China’s national spirit might be the most consumed spirit in the world on account of the country’s population, but ‘baiju’ just hasn’t quite caught on in the UK. Yet.
The drink has a slightly questionable reputation.
Around 10.8 billion litres of baiju was consumed last year, nearly all in China, according to International Wine and Spirit Research, which is more than whisky, vodka, gin, rum and tequila combined.
The drink has some fruity notes, but the crystal-clear beverage also has an intense, earthy essence. It’s strong stuff, ranging from 35 to 55% alcohol depending on the variety.
The drink hails from the southwestern province of Sichuan, where employees mix grain mash in 500-year-old earthen tanks in the distillery.
Some have said it tastes like burning plastic or ‘liquid razor blades’, but kinder critics say it is reminiscent of truffles.
Yet, baiju’s popularity in China has exceeded expectations, making it the most consumed spirit in the world, and the main producer is one of the most valuable distilleries globally.
Su Wanghui, information director at Luzhou Laojiao, one of the country’s biggest and oldest brands said: ‘Baiju belongs to China, but also the world.
‘We hope to have people around the world try baiju, and like baiju.’
Drinks expert at Demon, Wise & Partners Ellie Veale thinks she knows why it hasn’t been a hit overseas.
She said: ‘I worked on a cattle farm in Australia and this kind of aftertaste reminds me of the smell of… cow manure, hay and horses.’
Su added: ‘The foreign view of baiju is: very spicy, like a rocket blasting to heaven.’
Despite the popularity in China, elsewhere, the spirit is virtually unheard off – but producers are now looking towards a global market.

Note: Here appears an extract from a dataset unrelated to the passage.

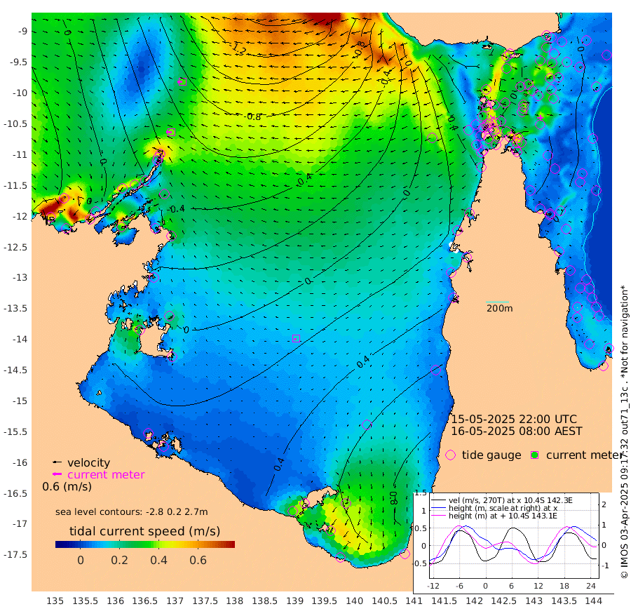 38cm/s -88T +3cm/s rms + 7cm/s -42T. ARA-GOC87 57m 16cm/s -132T +3cm/s rms + 2cm/s -2T. ARA-GOC87 60m 36cm/s -95T +2cm/s rms + 3cm/s 61T. ARA-GOC87 47m -11cm Daru -15cm Bobo Island 5cm Meer Island Barge -1cm Bramble Cay -9cm Unnamed Cay -4cm Pearce Cay -2cm Stephens Island -11cm Merrie England Shoals -16cm Mutacomal Reef -7cm Darnley Island Barge 11cm East Cay -12cm Yorke Island Barge -4cm Rennel Island -10cm Aureed Island 1cm Dungeness Reef -20cm Zagai Island -5cm Yam Island 5cm Dauan Island -11cm Saibai Island 31cm Phipi Reef -5cm Warrior Reef - West 3cm Mabuiag Island Barge -5cm Half Way Island -15cm Coconut Island -5cm Dugong Islet -10cm Poll Island 1cm Kirkcaldie Reef 3cm Suarji Island -17cm Sue Islet 52cm Hawkesbury Island 3cm Alert Patches -3cm Twin Island 39cm Badu Island -3cm St Pauls (Moa Island) 35cm Kubin (Moa Island) 10cm Ince Point 18cm Thursday Island 16cm Nardana Patches 37cm Turtle Head 41cm Round Island 53cm Goods Island 54cm Booby Island 52cm White Rocks Area 10cm Carpentaria -2cm Papou Point 39cm Bampfield Head 43cm Crab Island 46cm Red Wallis Island 44cm Packe Island -9cm Harrington Reef 65cm Herald Camp -5cm Sharp Point 42cm Red Island Point 19cm Possession Island -20cm Alpha Rock -8cm Frederick Point -25cm Wyborn Reef Light -26cm Tetley Island 0cm Triangle Reef -15cm Turtle Head Island 11cm Maclennan Cay 14cm Raine Island -8cm Mcsweeny Reef -8cm Collette Reef 2cm Shadwell Reef -8cm Hannibal Island 1cm Round Point 30cm Vrilya Point 5cm Cape Grenville 11cm Hicks Island 10cm Sir Charles Hardy Island 3cm Harvey Island 7cm Kay Reef 15cm Rocky Island 11cm Chapman Island 10cm Ham Reef 9cm Jubilee Reef 11cm Night Island 10cm Unnamed Reef No. 3 14cm Morris Island 14cm 1st 3 Mile Opening 13cm Creech Reef 11cm Fife Island 14cm Eden Reef 12cm Stanley Island 16cm Normanby River 7cm Yabooma Island -1cm Hutchison River -2cm Elcho Island 10cm North West Crocodile Island -63cm Cape Wessel -40cm Stevens Island -85cm Guluwuru Island -24cm Hopeful Bay -43cm Auster Point -41cm Two Island Bay -43cm Cadell Strait -242cm Mallison Island -62cm Melville Bay (Gove Harbour) -76cm Truant Island -54cm Cape Arnhem -25cm Cape Grey -12cm Hawk Island -1cm Milner Bay (Groote Eylandt) 16cm Cape Beatrice 36cm West Island 34cm Centre Island 80cm Mornington Island 72cm West Wellesley Islands 126cm Bountiful Island 120cm Albert River Mouth 119cm Sweers Island 140cm Karumba 97cm Nassau River Offshore 83cm Christmas Creek 59cm Archer River 40cm Boyd Point 61cm Weipa (Humbug Point) 25cm Pennefather River 38cm Cullen Point

A wave of “baijiu bars” opened in China, the US, and Europe in recent years as a buzz swelled.
Many have since closed but some London bars have started to stock the spirit, including Demon, Wise & Partners in the East.
Owner of Demon, Wise & Partners Paul Mathew said: ‘It’s a challenge for the customers.
‘It hasn’t really caught on in the West yet.’
The price of top brands is one reason. Mathew charges £12 for a glass of ‘Kweichow Moutai’.
‘It is also a very unfamiliar flavour for guests, so we need to tell them the story, how baiju is made, why it has the characteristics it has, before it becomes more accessible.’